# SLQ Self-sufficiency exam

Instructions:
1. submit a single text file that contains the queries you generated for each prompt. You can indicate which question each query is for by using a code comment like what you see below.

2. evaluated using 2 criteria:

First, the grader will look to see that you have created the correct query. For each of the prompts below, there is a single, correct answer. 

Second, the grader will look at how you've styled your queries. They'll gauge whether you followed the recommended style guidelines for this program. In particular, they'll look at whether you capitalized SQL keywords, used lowercase letters for table and field names, and used multiple lines to make your queries more readable.


    1. Put each column name in a select clause on its own line, with one level of indentation from the preceding line.
    2. Follow the same indentation logic for FROM, WHERE, and ORDER BY blocks, giving each element its own line.
    3. Similarly, each clause gets its own line.
    4. Use all caps for clauses, function names, and the like.
    5. Use the actual case of the column/table name when referring to column and table names.
    6. Be consistent in your own use of casing, but recognize that SQL is not case sensitive, and it doesn't actually care about tabs and newlines.


# The scenario

You are a data analyst for your state’s department of education. You're given a database containing 2 tables: *naep* and *finance*. NAEP is the National Assessment of Educational Progress for states. The naep table contains each state’s average NAEP scores in math and reading for students in grades 4 and 8 for various years between 1992 and 2017. The finance table contains each state’s total K-12 education revenue and expenditures for the years 1992 through 2016.

You are tasked with assessing the quality of this data. You must also find useful ways to analyze it.
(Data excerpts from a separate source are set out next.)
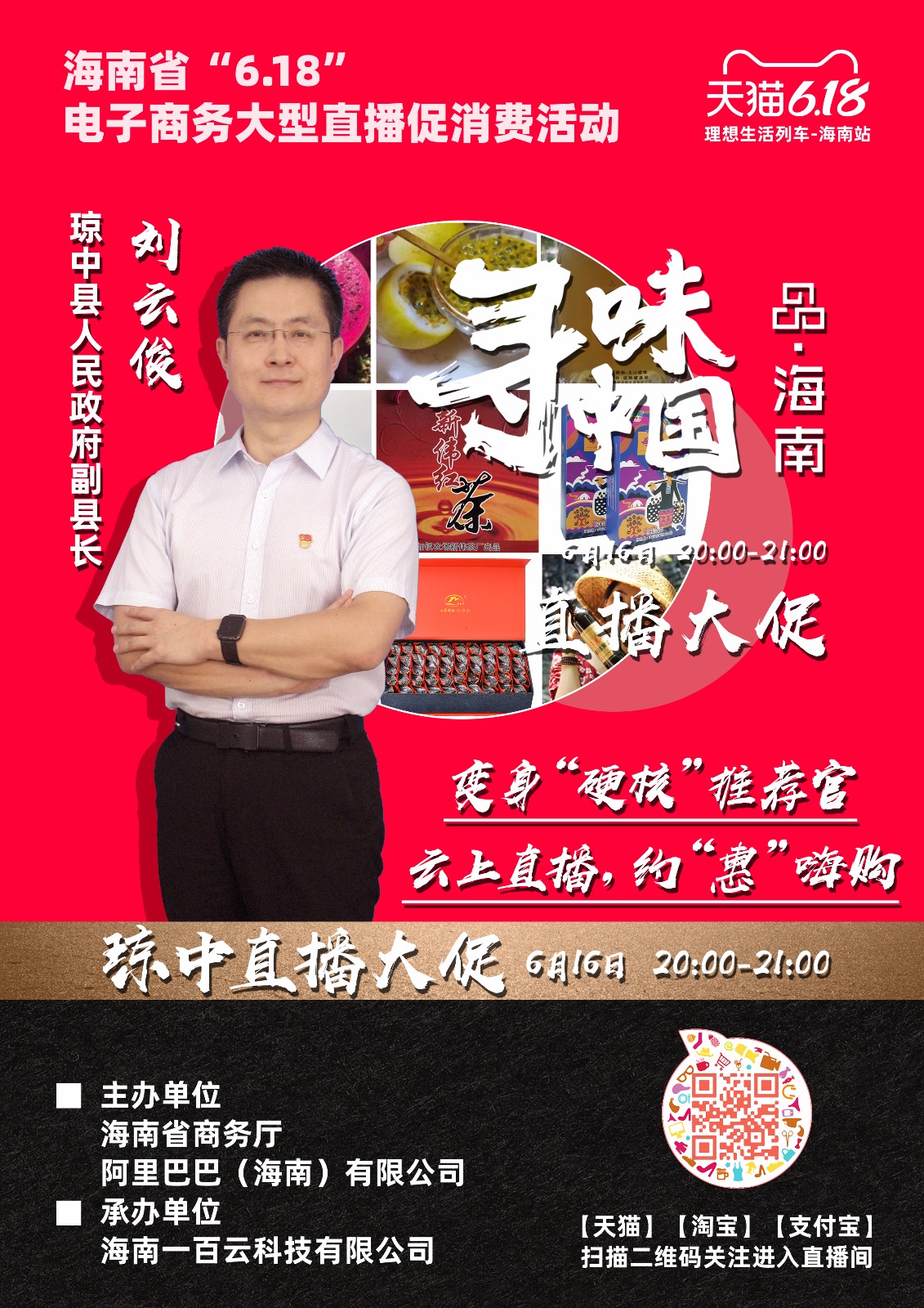 新海南客戶端、南海網、南國都市報6月16日消息(記者 鐘圓圓)“6·18”優惠大促瓊中專場來了!6月16日晚8時—9時,瓊中黎族苗族自治縣副縣長劉云俊將在淘寶直播間推介瓊中的優質農產品。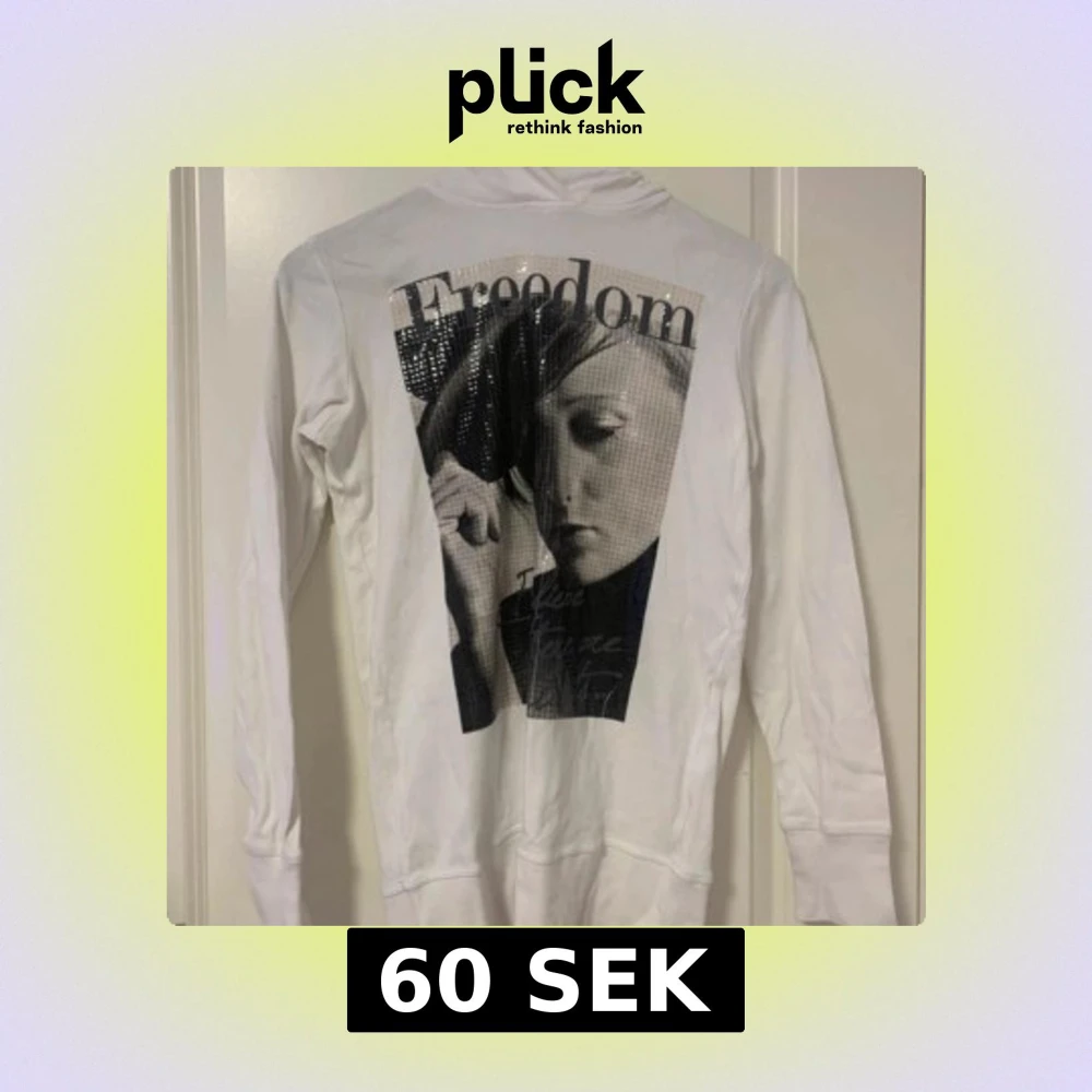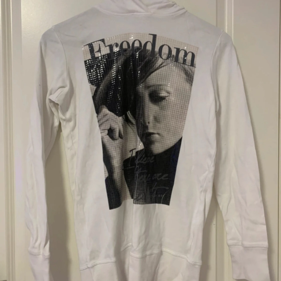 Vit hoodie med stort svartvitt tryck och texten 'Freedom' på ryggen. Trycket har paljett-detaljer som ger en glittrig effekt. Tröjan har långa ärmar och huva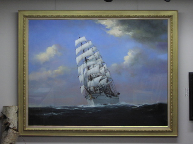 この油彩帆船画制作にあたり住重様追浜造船所に建造プロセスを追って 足掛け3年通い続け取材完成致した作品です。 |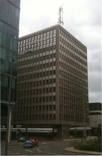 Lloyd House was originally constructed between 1960 and 1964 in Birmingham, England, for the steel company Stewarts & Lloyds.[4][5] The architects were Kelly and Surman.[6] The 13-storey building has roof height of 48.7 metres.[6] Its L-shaped floorplan is 70×30m on its largest sides.[6]

### 1. Write a query that allows you to inspect the schema of the naep table.

--1
SELECT *
FROM
	information_schema.columns
WHERE
	table_schema = 'public'
	AND table_name = 'naep';

### 2. Write a query that returns the first 50 records of the naep table.

--2
SELECT*
FROM
	public.naep
LIMIT
	50

### 3. Write a query that returns summary statistics for avg_math_4_score by state. Make sure to sort the results alphabetically by state name.

--3
SELECT
	state,
	COUNT(avg_math_4_score),
	AVG(avg_math_4_score) as average,
	MIN(avg_math_4_score) as minimum,
	MAX(avg_math_4_score) as maximum
FROM
	public.naep
GROUP BY state
ORDER BY
	state;

### 4. Write a query that alters the previous query so that it returns only the summary statistics for avg_math_4_score by state with differences in max and min values that are greater than 30.

--4
SELECT
	state, 
	COUNT(avg_math_4_score),
	AVG(avg_math_4_score) as average,
	MIN(avg_math_4_score) as minimum,
	MAX(avg_math_4_score) as maximum
FROM
	public.naep
GROUP BY state
HAVING 
	MAX(avg_math_4_score) - MIN(avg_math_4_score) > 30
ORDER BY
	state;


### 5. Write a query that returns a field called bottom_10_states that lists the states in the bottom 10 for avg_math_4_score in the year 2000.

--5
SELECT
	state, 
	avg_math_4_score as bottom_10,
	year
FROM
	public.naep
WHERE
	year = 2000 and
	avg_math_4_score IS NOT NULL
GROUP BY 
	avg_math_4_score, 
	state,
	year
ORDER BY
	avg_math_4_score DESC 
LIMIT 10;

### 6. Write a query that calculates the average avg_math_4_score rounded to the nearest 2 decimal places over all states in the year 2000.

--6 
SELECT
	ROUND(AVG(avg_math_4_score),2),
	year
FROM
	public.naep
WHERE
	year = 2000
GROUP BY
	year; 

### 7. Write a query that returns a field called below_average_states_y2000 that lists all states with an avg_math_4_score less than the average over all states in the year 2000.

SELECT
	state, 
	avg_math_4_score as below_average_states_y2000,
	year
FROM
	public.naep
WHERE
	year = 2000 and	
	avg_math_4_score < (SELECT AVG(avg_math_4_score) 
						   FROM public.naep)
GROUP BY	
	state,
	year,
	avg_math_4_score
ORDER BY
	avg_math_4_score,
	state,
	year; 


### 8. Write a query that returns a field called scores_missing_y2000 that lists any states with missing values in the avg_math_4_score column of the naep data table for the year 2000. 

--8
SELECT
	state as scores_missing_y2000, 
	avg_math_4_score, 
	year
FROM
	public.naep
WHERE
	year = 2000 and	
	avg_math_4_score is null
GROUP BY	
	state,
	year,
	avg_math_4_score
ORDER BY
	state,
	avg_math_4_score,
	year; 

### 9. Write a query that returns for the year 2000 the state, avg_math_4_score, and total_expenditure from the naep table left outer joined with the finance table, using id as the key and ordered by total_expenditure greatest to least. Be sure to round avg_math_4_score to the nearest 2 decimal places, and then filter out NULL avg_math_4_scores in order to see any correlation more clearly.

--9 
SELECT
	naep.id,
	naep.state, 
	ROUND(naep.avg_math_4_score, 2) as avg_math_4_score,
	naep.year,
	finance.id,
	finance.total_expenditure
FROM
	public.naep
LEFT JOIN 
	public.finance ON
	finance.id = naep.id
WHERE
	naep.year = 2000 and	
	avg_math_4_score IS NOT NULL 
GROUP BY	
	naep.id,
	finance.id,
	naep.year,
	naep.state,
	finance.total_expenditure,
	naep.avg_math_4_score
ORDER BY
	total_expenditure,
	state,
	avg_math_4_score,
	year;